Exploratory Data Analysis in Python: A Step-by-Step Guide with Sample Data
Exploratory Data Analysis (EDA) is a critical step in any data science or data analysis project. It involves understanding your data, uncovering patterns, and gaining insights that can inform your subsequent analysis. In this guide, we’ll walk through the process of performing EDA in Python using sample data to illustrate each step.

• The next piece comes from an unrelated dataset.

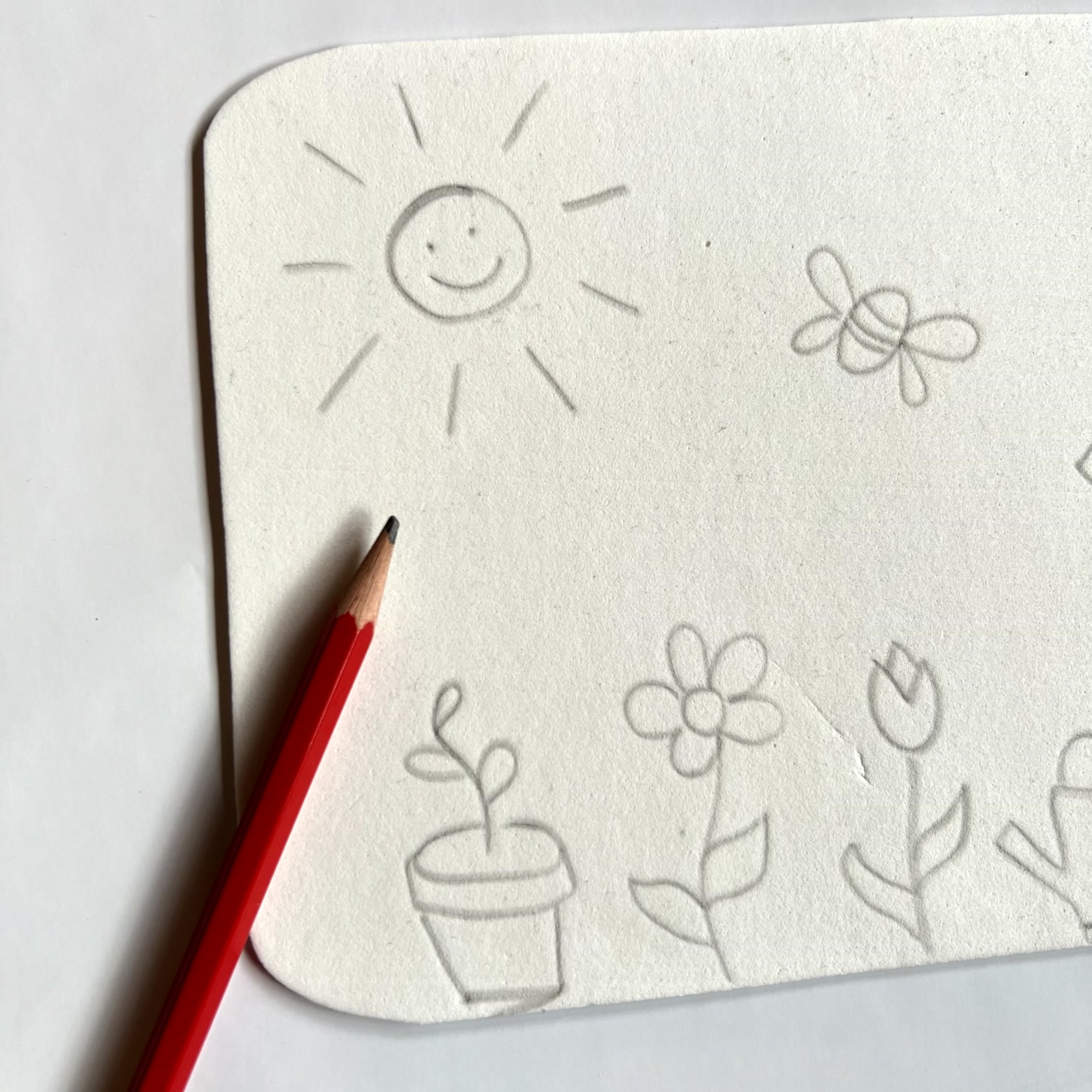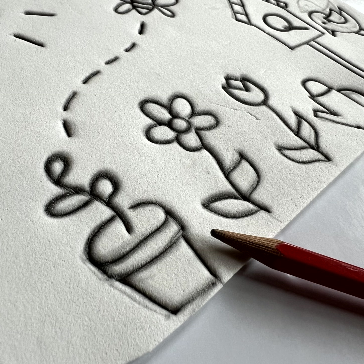 Anschliessend werden die Bleistiftlinien mit einem stumpfen Werkzeug (z. B. Bleistift, Kugelschreiber oder Stricknadel) mehrmals kräftig, aber sorgfältig nachgefahren. Die Linien sollen deutlich spürbar sein.

Step 1: Importing Necessary Libraries
import pandas as pd
import numpy as np
import seaborn as sns
import matplotlib.pyplot as plt
Step 2: Loading the Sample Data
# Load your dataset
df = pd.read_csv(“your_data.csv”)
Step 3: Getting an Overview of the Data
- Use
df.head()
to view the first few rows of the data. - Use
df.shape
to check the dimensions of the dataset. - Use
df.info()
to get data types and missing values information.
Step 4: Descriptive Statistics
Calculate basic statistics of the numerical columns:
df.describe()
Step 5: Data Visualization
Visualizing the data is crucial to spot trends and patterns. Let’s create some basic visualizations:
# Histogram
sns.histplot(df[‘numeric_column’], kde=True)
plt.title(“Distribution of Numeric Column”)
plt.show()
# Box plot
sns.boxplot(x=’categorical_column’, y=’numeric_column’, data=df)
plt.title(“Box Plot of Numeric Column by Category”)
plt.show()
Step 6: Correlation Analysis
Understand relationships between variables using a correlation matrix:
correlation_matrix = df.corr()
sns.heatmap(correlation_matrix, annot=True, cmap=’coolwarm’)
plt.title(“Correlation Heatmap”)
plt.show()
Step 7: Handling Missing Data
Identify and handle missing data:
# Check for missing values
df.isnull().sum()
# Handle missing values (e.g., fill with mean or median)
df[‘column_name’].fillna(df[‘column_name’].median(), inplace=True)
Step 8: Outlier Detection
Detect and handle outliers:
# Box plot or IQR method for outlier detection
sns.boxplot(df[‘numeric_column’])
plt.title(“Box Plot for Outlier Detection”)
plt.show()
Exploratory Data Analysis is an essential first step in any data analysis project. It helps you understand your data, identify patterns, and make informed decisions about how to proceed with further analysis.